Image: The Becton Dickinson fluorescent activated cell sorter FACScan (Photo courtesy of the Albert Einstein College of Medicine).
A clinically proven, noninvasive fluorescence virus-guided capture system of human colorectal circulating tumor cells (CTCs) from blood samples for genetic testing has been introduced.

This noninvasive companion diagnostics is important for personalized targeted cancer therapy because current CTC detection strategies mainly depend on epithelial cell-surface markers, and the presence of heterogeneous populations of CTCs with epithelial and/or mesenchymal characteristics may pose obstacles to the detection of CTCs.

Scientists at Okayama University (Japan) developed a new approach to capture live CTCs among millions of peripheral blood leukocytes using a green fluorescent protein (GFP)-expressing attenuated adenovirus, in which the telomerase promoter regulates viral replication.
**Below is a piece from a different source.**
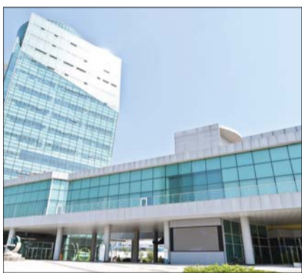
한국농수산식품유통공사 본사 전경.

감사원의 해당 심사평가는 '공공감사에 관한 법률'에 의거, 효율적인 국가감사체

The team used different cell lines and a recombinant adenovirus.

Immunochemical staining was performed on cells seeded on tissue culture chamber slides. The cells were labelled with primary mouse antibodies for various receptors and were analyzed using single cell flow cytometry (FACS; Becton Dickinson, Mountain View, CA, USA). DNA was extracted from CTC models and clinical samples and gene mutation analysis was carried out by direct sequencing and the sequence of each gene was analyzed with an ABI PRISM 3100 Genetic Analyzer (Life Technologies; Carlsbad, CA, USA).
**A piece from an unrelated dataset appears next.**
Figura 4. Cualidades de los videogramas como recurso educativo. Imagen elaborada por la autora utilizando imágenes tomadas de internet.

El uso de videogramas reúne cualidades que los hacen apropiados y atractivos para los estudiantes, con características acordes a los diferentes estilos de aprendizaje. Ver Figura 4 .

The blood samples obtained from eight patients with gene-mutated colorectal cancers were analyzed by the replication competent adenovirus OBP-401-based CTC capture system and by allele-specific blocker polymerase chain reaction (ASB-PCR) technology. In preliminary experiments, the number of GFP-positive cells at the P3 gate was less than 10 cells in some clinical blood samples and, therefore, they performed ASB-PCR analysis using GFP-positive cells at the P2 gate. Among the eight blood samples from patients with various stages of colorectal cancer, the same gene mutations as in the primary tumors were detected in the CTCs of two patients with advanced colorectal cancer.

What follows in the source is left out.